Por Leonardo Sakamoto, no UOL
“Desacreditar o sistema de votação brasileiro é desconvidar o eleitor brasileiro a participar da maior festa democrática do Brasil.” A declaração de Nunes Marques, presidente do TSE, contrasta com o que foi pregado pelo senador Flávio Bolsonaro (PL), um dos responsáveis, aliás, pela indicação do ministro ao STF. O candidato à Presidência colocou em dúvida as urnas eletrônicas em reunião com embaixadores. Tal pai, tal filho.
Todo estelionatário conta com a boa fé, a ingenuidade ou o desespero de sua vítima. Quando alguém cai no conto do falso sequestro, no clique do link premiado ou no golpe do Pix, o roteiro pós-tragédia é quase sempre universal.

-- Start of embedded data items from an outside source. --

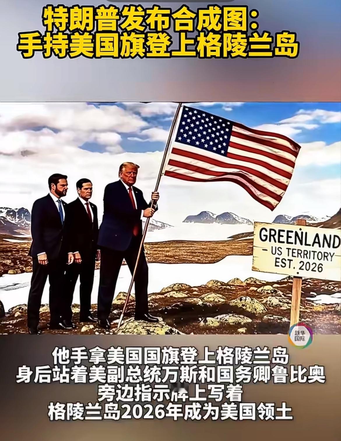 世界都懵了!特朗普公布了登上格陵兰岛的照片! 1月20日凌晨,特朗普在社交媒体上晒出他手持美国国旗登上格陵兰岛的照片,其身后站着美国副总统万斯和国务卿鲁比奥,旁边指示牌上写着“格陵兰岛2026年成为美国领土”。 由此可见,美国对格陵兰岛的贪欲一目了然。此前,特朗普就多次宣称,格陵兰岛“对美国国家及全球安全至关重要,此事没有回头路”,现在看起来是认真的。 尽管格陵兰岛隶属丹麦,且美国是丹麦的盟友,但这丝毫没能动摇美国夺岛的决心。以往或许没人相信特朗普会做出如此出格的事,如今他公布了照片,足见其急切心情。美国此举虽然荒诞,但以特朗普的行事风格,这一切成为现实也不是不可能了。 欧洲和丹麦虽强烈反对、谴责,但长期受美国掣肘,恐怕也无可奈何。此后若找不到有效的应对之策,最终很可能遂了美国的心愿,让其侵占格陵兰岛成为既定事实。那无疑会彻底打破二战后的国际秩序,世界版图或许将被重新改写!
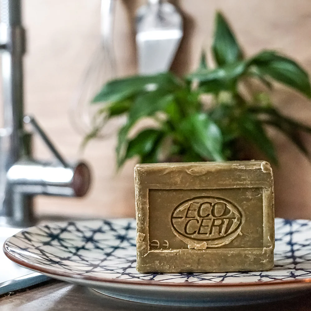 Dish soap featuring traditional Marseille soap with added baking soda & aloe vera extract. Washes away stubborn grease while moisturizing your hands. ECOCERT natural detergent certified. Sustainable packaging using FSC-certified paper.
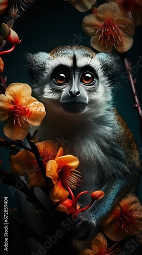 Fototapeta premium Beautiful Wild Animal Portrait in a Zoo and Flowers
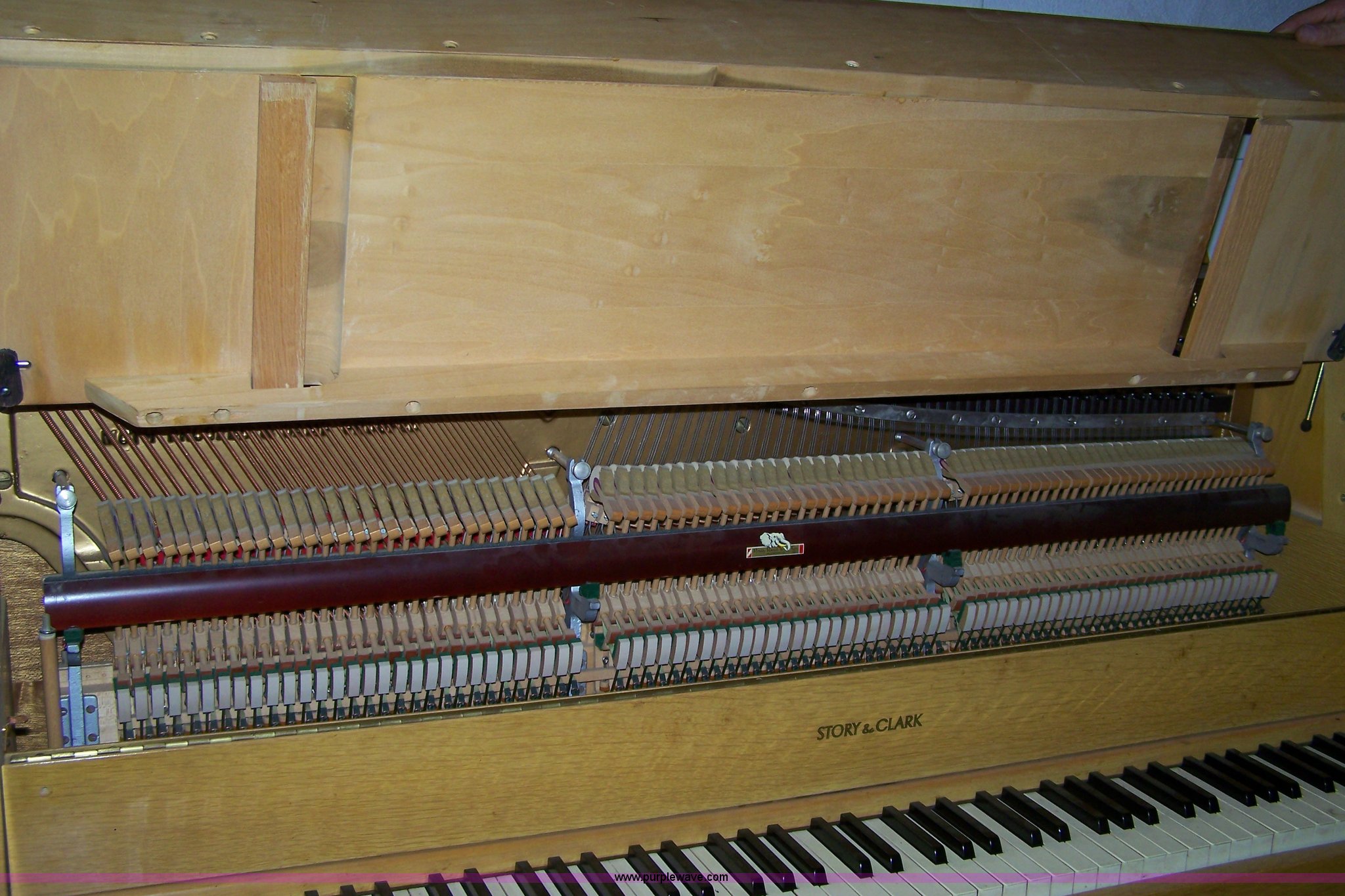 Purple Wave is selling a used Music Equip. in Kansas. This item is a Story & Clark blonde wood piano with the following: Bench included

Assim que a ficha cai, o suor frio escorre pela espinha, o desespero toma conta e, logo em seguida, vem uma vergonha paralisante.
A vítima se esconde, chora as economias perdidas e tem dificuldade até de contar para a família que entregou seu suado dinheiro para um malandro qualquer. É uma dor solitária.

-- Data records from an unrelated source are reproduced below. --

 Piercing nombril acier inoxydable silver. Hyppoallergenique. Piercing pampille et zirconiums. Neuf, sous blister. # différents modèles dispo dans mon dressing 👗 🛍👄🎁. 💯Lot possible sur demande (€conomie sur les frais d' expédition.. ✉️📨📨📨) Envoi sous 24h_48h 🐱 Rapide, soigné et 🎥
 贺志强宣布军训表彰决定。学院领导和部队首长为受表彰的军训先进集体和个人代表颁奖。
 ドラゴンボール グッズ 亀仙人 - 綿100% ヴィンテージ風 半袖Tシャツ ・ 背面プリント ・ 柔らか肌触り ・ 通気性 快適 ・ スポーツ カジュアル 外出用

No entanto, há um outro tipo de estelionato circulando livremente e em escala industrial pelas redes sociais em que a dinâmica da fraude sofre uma mutação bizarra. Nele, a vítima é roubada à luz do dia e, mesmo quando a ciência, as instituições ou o jornalismo esfregam as provas do crime na sua cara, ela não sente um pingo de vergonha.
Pelo contrário, o semovente defende o golpista com unhas e dentes. Mais do que isso, vota nele.
A desinformação sistêmica que corre solta no WhatsApp, no Telegram e nas redes opera exatamente como um esquema de pirâmide financeira, só que o ativo surrupiado é muito mais valioso do que o saldo da sua conta corrente.
Quando milícias digitais e políticos sem escrúpulos disparam mentiras sobre fraudes inexistentes nas urnas eletrônicas, eles não estão exercendo a liberdade de expressão. Na prática, estão roubando o seu voto, o seu direito de expressar sua vontade e acreditar estar sendo respeitado e a percepção de viver em uma democracia estável para garantir que extremistas atinjam o poder à custa do caos.
O roubo continua em outras frentes, sempre cobrando um preço altíssimo. Quando pastores do apocalipse digital e charlatães de jaleco espalham o terror contra vacinas, não se trata de um debate de opiniões divergentes. Essa desinformação rouba a sua saúde e a vida de centenas de milhares de pessoas, transformando a qualidade de vida em trincheira de guerra cultural para gerar engajamento e lucro. Você paga com a própria vida pelo clique alheio.
E a pilhagem atinge até quem ainda nem nasceu. O negacionismo climático, que jura de pés juntos que o aquecimento global é uma invenção de bilionários pedófilos, cavaleiros templários e, claro, do Leonardo Di Caprio, para atrapalhar a economia brasileira, serve apenas para garantir o lucro de curto prazo de um punhado de bilionários. Que, ao negar a fervura do planeta, eles mantém o atual modelo de desenvolvimento, predatório até o osso. Com isso, roubam o seu futuro, entregando em troca um mundo de secas severas, cidades debaixo d’água e lama e escassez de comida.
O que torna esse estelionato digital uma das maiores tragédias de nosso tempo é a fidelidade canina do fraudado ao seu fraudador. Se um bandido foge com o seu dinheiro, você liga para a polícia e exige justiça. Mas se o político de estimação rouba a sua realidade, a sua saúde, a sua segurança democrática e o futuro dos seus filhos, você o chama de “mito” ou de “salvador da pátria” e vai para a rua brigar com a própria família para defendê-lo.
O grande trunfo do golpismo digital baseia-se nessa mágica perversa: eles batem a sua carteira enquanto contam uma mentira que afaga os seus piores preconceitos. E a vítima, inebriada, ainda pede bis e aperta confirma.